Introduced on the 20th of September 1985, CGT is basically the tax payable on the difference between what it cost you to purchase an asset and the amount you received when you disposed of it. In the case of an investment property, this is the difference between the original purchase price of the property including any capital buying costs and the price the property is sold for plus any selling costs. When you sell an asset such as a property, this triggers what is called a ‘CGT event’ and the owner will either make a capital gain or loss on the property.

When an investor has been claiming property depreciation, the cost base could be altered, therefore changing the capital gain or loss. To help explain the implications of property depreciation on CGT, here are six facts investors should be aware of.

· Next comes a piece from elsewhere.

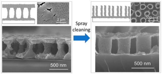 Titanium dioxide (TiO2) is a well-known photocatalyst with many exceptional properties. One way to obtain TiO2 nanocomposites, as well as porous films with high surface areas, is to use the sol–gel method. The presence of TiO2 in anatase form is the most beneficial for photocatalysis applications, but the required heat treatment leads to the formation of a rather opaque film. In a novel low-temperature fabrication of anatase TiO2, Matsuda et al., demonstrated the feasibility of forming transparent anatase nanocomposite films by hot-water treating SiO2–TiO2 gel films []. They also reported that the addition of poly(ethylene glycol) (PEG) into the SiO2–TiO2 gel films led to the formation of TiO2 anatase crystals within the entire film, compared with the formation of the crystals only at the surface when PEG was not added []. The mechanism involved during the HWT was the following: (i) hydrolysis of Si–O–Ti bonds and dissolution of the SiO2 component, (ii) migration of hydrolyzed titania species from the interior to the surface of the coating, and (iii) nucleation and growth of titania nanocrystals in the residual coating.

1.    What is property depreciation?

Property depreciation is the wear and tear of a building and the plant and equipment items within it. The Australian Taxation Office (ATO) allows owners of income producing properties to claim this depreciation as a deduction in their annual tax return, meaning they pay less tax. Property depreciation is made up of two main parts; capital works deductions and plant and equipment depreciation.

2.    How do capital works deductions affect CGT?

Capital works deductions are available for the wear and tear on the structure of the building. Examples of items which can be claimed include bricks, walls, floors, roofs, windows, tiles and electrical cabling. The capital works deductions will reduce the cost base of the property which will add to the capital gain and therefore increase the amount of CGT applicable for the owner of the property.

3.    How does plant and equipment depreciation affect CGT?

Depreciation deductions can be claimed for the mechanical and easily removable plant and equipment assets contained within an investment property. When a property is sold, a gain or loss is calculated separately on these items. This is because often these assets will have been updated, removed or replaced over time. This means that the original assets contained in a property at the time of purchase can be very different to the assets contained in the property at the time of sale.

If an investor were to increase the value of plant and equipment during the time the property is owned (for example by replacing the carpets or completing a renovation) this could increase the cost base of these assets and may therefore reduce the CGT when the owner sells the property. If the value of assets in the property when sold is less than when purchased the cost base will be reduced, therefore increasing the amount of CGT.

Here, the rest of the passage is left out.